Small business is critical to our economy.
As a small business owner, I get excited when I can talk shop with my fellow human warriors who “do the daily.” We survive but the goal is to THRIVE!
I’d like to share five lessons that I’ve learned over the years that can help your small business succeed.
Grants, loans, and cash
Know the difference and be careful.
People underestimate the power and ability they have to access grants. During the pandemic, it surprised me that a lot of small business owners weren’t sure if they qualified for grants.
It’s important to know the difference between grants, loans, and cash.
It’s also important to understand the legal consequences of not following the guidelines, rules, and laws associated with obtaining grants and loans.
- Grants are not loans and don’t have to be repaid unless you fail to meet conditions, terms, and/or there were misrepresentations and/or breach of terms/guidelines.
- Civil and criminal penalties may apply in the event guidelines and laws aren’t followed.
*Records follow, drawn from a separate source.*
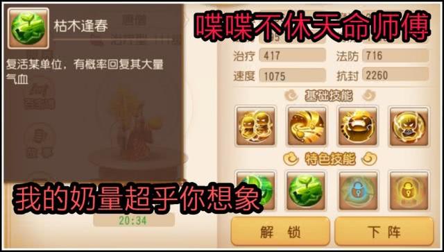 玄奘虽然是一个奶,但是该有的样子攻击还是有的,那就是传说中的语言杀人术-叽叽歪歪,攻击力不高,但是攻击范围可达6人,同时降低目标伤害。而作为大奶,治疗更是不容落下,一个技能推气过宫,回复我方6个角色血量,强大的辅助力量,令任何人都不能忽视。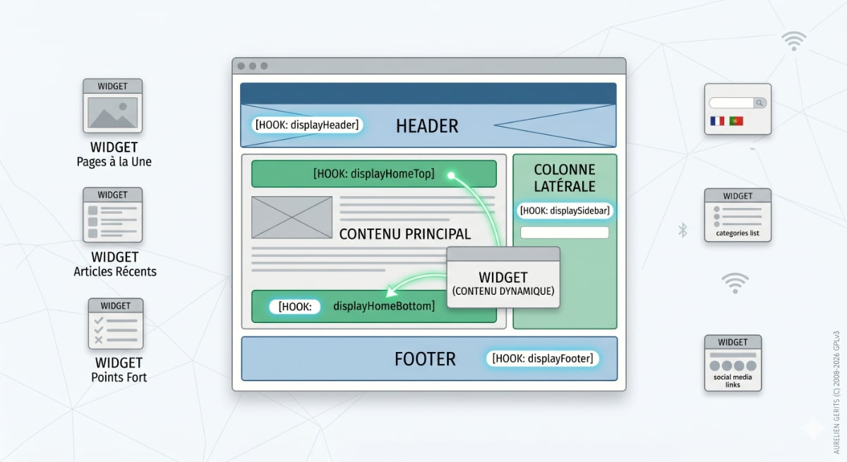 Hook (Zone) : Un emplacement prédéfini dans votre thème (ex: haut de page, colonne gauche, pied de page) capable de recevoir un ou plusieurs widgets.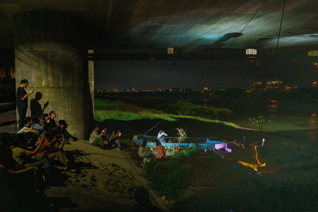 最後我們來到舊港大橋下,由淑媛姐[4]熱情的與我們分享當地居民與河流的互動方式,從過去的水到現在的水,洗衣、採蚵等,藉由光影的運用將曾經的河水生態、小船景貌,經過日夜交替的引導來到了當下,我們隨著潮汐密碼[5]的起伏將我們感受到的河流記憶呈現。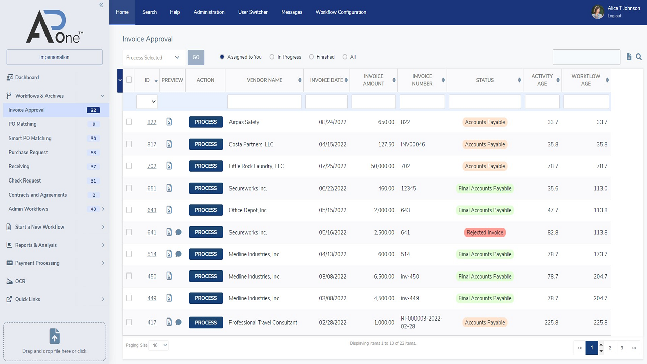 • Scalable for Growth: Designed to grow with your business, A/P One supports high invoice volumes without sacrificing performance or user experience.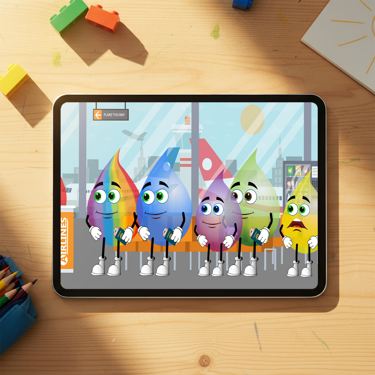 Yellow Goes on Holiday Educational Cartoons. Yellow Is feeling very excited. Today she is going on holiday with her family. They are going to fly on a plane to sunny Spain. Yellow has not been on a plane before. It is nearly time to go, so they join a queue to get on the plane. During this story, Yellow and her family are going on holiday. It is the first time Yellow has been on an airplane, and she feels very scared. How will Yellow manage her feelings?
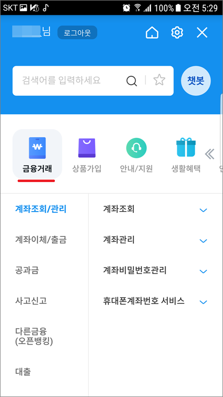 ②. 금융거래에서 하단으로 이동해서 외환/환전 메뉴를 찾습니다.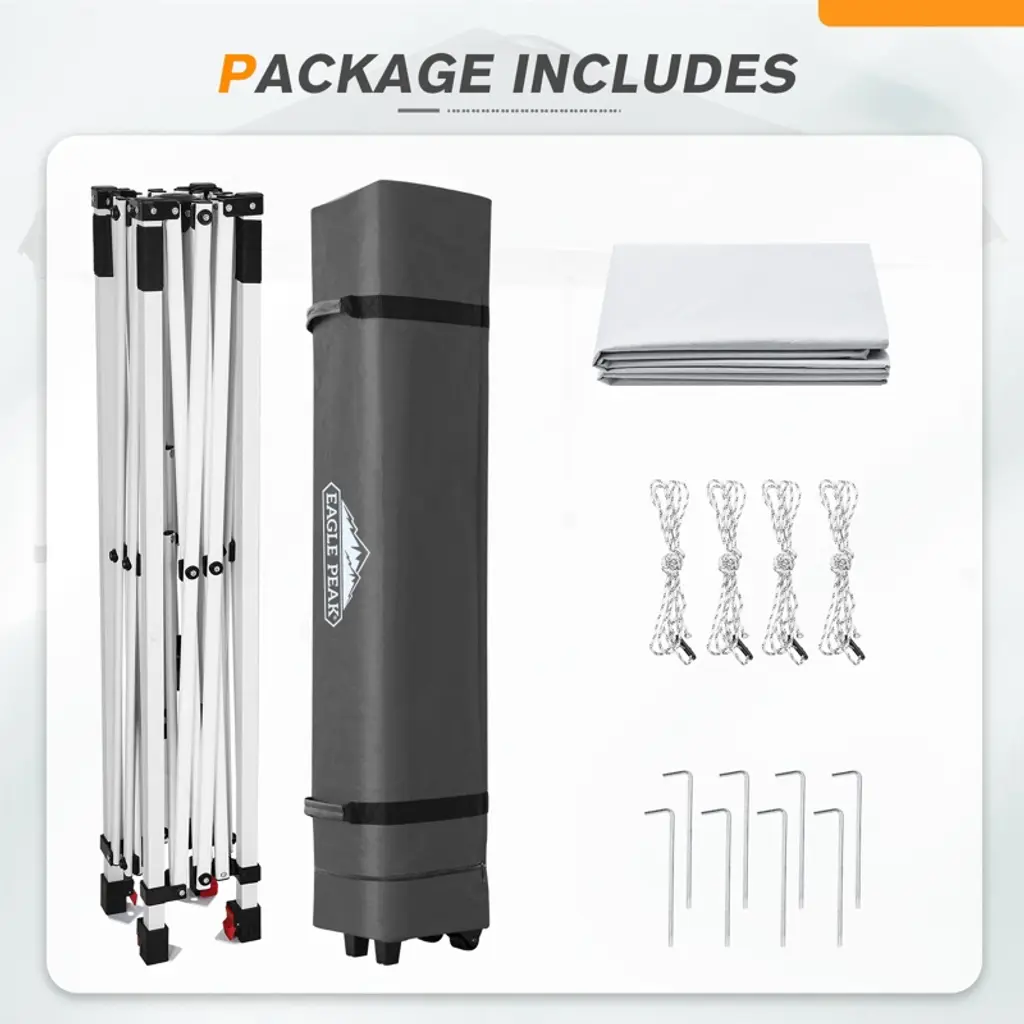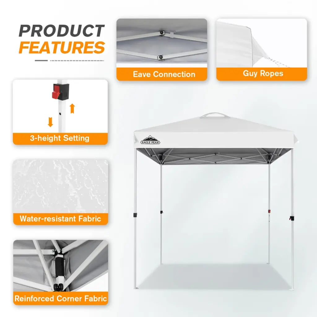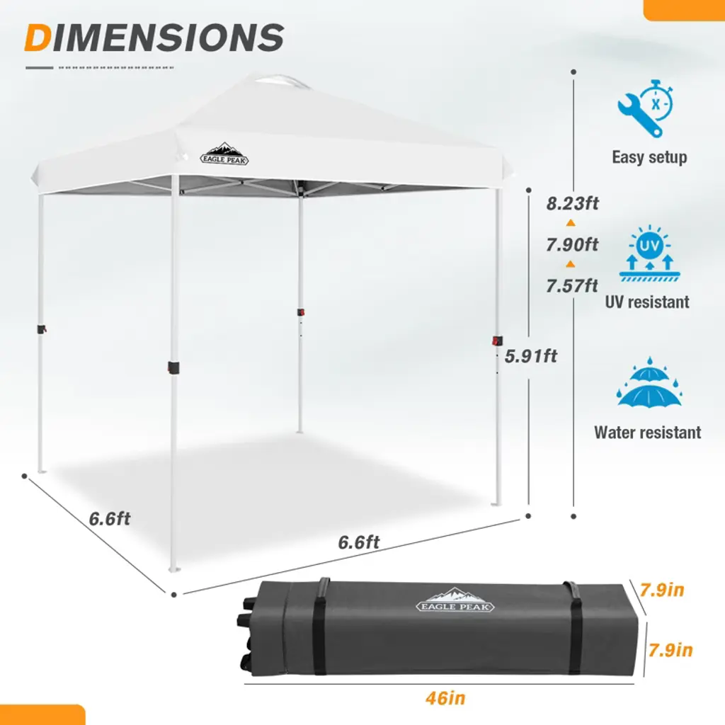 Eagle Peak 6.6x6.6 Pop Up Canopy Tent Instant Outdoor Canopy Easy Set Up Straight Leg Folding Shelter With Wheeled Bag, 8 Stakes And 4 Ropes, White

- Loans must be repaid and are subject to terms. You must review the loan applications carefully. Be mindful of interest rates and repayment terms. Shop around to be sure you’re getting a fair rate. You also must make no misrepresentations. Follow the guidelines and terms each investor requires.
- The investor owns the note. The servicer is the company that sends the bill monthly. It’s possible the investor and servicer are the same.
- It’s important to know if you have a government investor like the SBA or a private one because different rules apply.
- Cash should be reserved for emergencies.
Have a certified public accountant
To qualify for most grants and loans, you will need to be organized.
In most cases, if you’re a small business, you will need an EIN number. Lenders require borrowers to provide a tax return, Form 4506, and the IRS will require you to be in compliance.
A CPA can help you understand what you need to organize your personal and professional tax lives to keep them SEPARATE. More information is available at IRS.gov
Know what’s FREE
There are FREE resources EVERYWHERE for small businesses.
There are non-profits that will help with tax preparation, free legal help, and programs for small business owners in almost every city and town. You can also look for national non-profits to assist you.
Don’t give up equity unless you must
I’ve always preferred debt to equity.
When you’re a small business owner and you can’t pay bills, people may approach you for an equity (ownership) opportunity in lieu of payment.
Be very careful before you give ANYONE an ownership interest in your business.
I prefer a loan because before I ‘put the ring on’ a co-owner of any size in business, I’ve learned I want a long courtship.
Definitely seek the advice of a qualified business attorney in your State who represents your interests.
Assemble your dream team
Write down on a sheet of paper every single quality that separates you from your competition. Those are your strengths!
Take your strengths and tell your story. I love reading someone’s story. I want to know who I’m shopping with.
Who is providing my goods and services? I love business websites and social media with a featured story. I want to know whose family I’m feeding.
In any area where you feel weak, it’s perfectly okay! We can’t know everything. It’s okay to admit you don’t know the answers and reach out for help. There are a ton of small business owners who want to help you grow.
Other small business owners actually do care.
Most towns have a chamber of commerce and county and city government that can help too.
*Readers should seek the advice of an attorney and certified public accountant licensed to practice in their State for further guidance.